In many technical applications components are assembled with threaded fasteners. For example, where it is desired to assemble a first component to a second component, tapped holes are formed in one component while corresponding clearance holes are formed in the second component. The two components are positioned with respect to each other so that the clearance holes are aligned with the tapped holes. Threaded fasteners, such as screws or bolts or the like, are then used to secure the components together.
Usually, the machine tools that are used to form such tapped and clearance holes can easily provide the required accuracy in the positioning of such holes for proper alignment and fit of the components to be assembled without the use of additional gauging and measuring equipment. This is especially true where high precision alignment between the components is not required. However, where high precision alignment of components is required, gauging devices may be needed to facilitate and increase the accuracy of measuring the locations of hole positions (center axes, for example) with respect to each other and/or with respect to other reference points. Often, such high precision is required for alignment of optical systems such as guidance and navigation systems.
One technique that can be used to indicate the centerline of a hole includes the use of a gauging device. One such gauging device for indicating the centerline of a tapped hole (or a bored hole) is shown in U.S. Pat. No. 3,026,621 to Papps et al. The hole position gauging device of Papps et al. has a threaded section adapted to screw into the hole to be indicated and a concentric cylindrical stem that extends above the hole. The tolerances for the concentricity of the stem relative to the threaded section and the diameter of the stem are known so that the stem can indicate, within a known tolerance, the centerline of the hole in which the gauging device is installed. For example, the stem can be contacted with a caliper or other position indicator in order to determine the position of the centerline of the tapped hole relative to another tapped hole, a machine tool, reference structure, or in a predetermined frame of reference.
Another device for locating the centerline of a tapped hole is shown in U.S. Pat. No. 5,179,788 to Jadach. The gauging device of Jadach is similar to the gauging device of Papps et al. except that the Jadach device uses a counterbore instead of a stem as an indicating feature. The counterbore allows for faster and easier measurement with programmable touch probe coordinate measuring machines in that fewer moves by the probe are needed to contact plural points on the inside surface of the counterbore as compared to using a stem. This is because plural points of the counterbore surface can be contacted by moving the probe along a linear path within the counterbore and the probe does not need to be moved over or around the stem.
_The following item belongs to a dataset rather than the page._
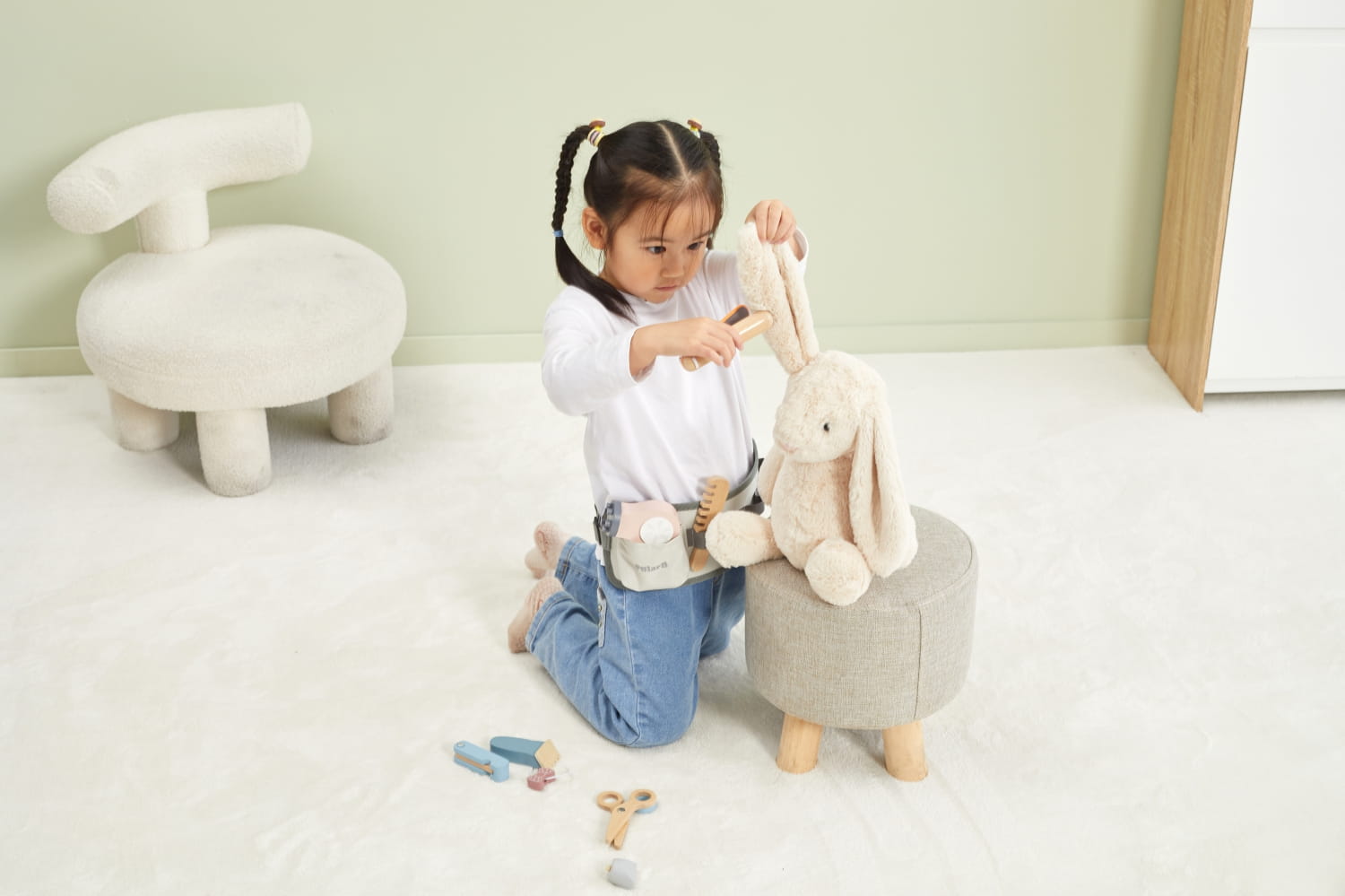 Zestaw zachęca do kreatywnej zabawy w odgrywanie ról, rozwija zdolności manualne oraz uczy współpracy i empatii. Dzięki solidnemu wykonaniu z drewna oraz użyciu bezpiecznych farb wodnych zabawka jest trwała i w pełni bezpieczna dla dzieci.

One problem with the gauging devices of Papps et al. and Jadach is that a typical threaded fastener and the tapped hole into which it fits are intentionally designed to have some clearance or play between them in order to allow them to be separable. That is, they are not a perfect fit with each other in order to avoid interference that could cause them to become permanently locked together. Because of this, the threaded section of the devices of Papps and Jadach inherently has some play when installed in a threaded hole as the devices are designed to be reusable. This play can introduce measurement errors because the gauge is not locked in place with respect to the tapped hole and reduces the overall precision of the gauging device.
Another problem with the gauging devices of Papps et al. and Jadach is that they are designed to seat on a flat surface. As such, these devices are generally unsuitable for use with uneven or irregular surfaces. This is because any deviation in the perpendicularity of the centerline of the tapped hole with respect to the surface can introduce measurement errors. Conventional hole gauges, similar to the gauges of Papps et al. and Jadach, are available for use with uneven or irregular surfaces. These hole gauges have a threaded portion that is tapered. When such a tapered threaded portion is threaded into a tapped hole in a workpiece, the taper causes the threads of the threaded portion to interfere with the threads of the tapped hole thereby locking the gauge in the threaded hole. However, because the interference occurs near the surface of the workpiece and at the top of the tapped hole as a result of the tapered structure, these gauges are susceptible to being canted after being installed especially if the gauge is unintentionally bumped or jarred.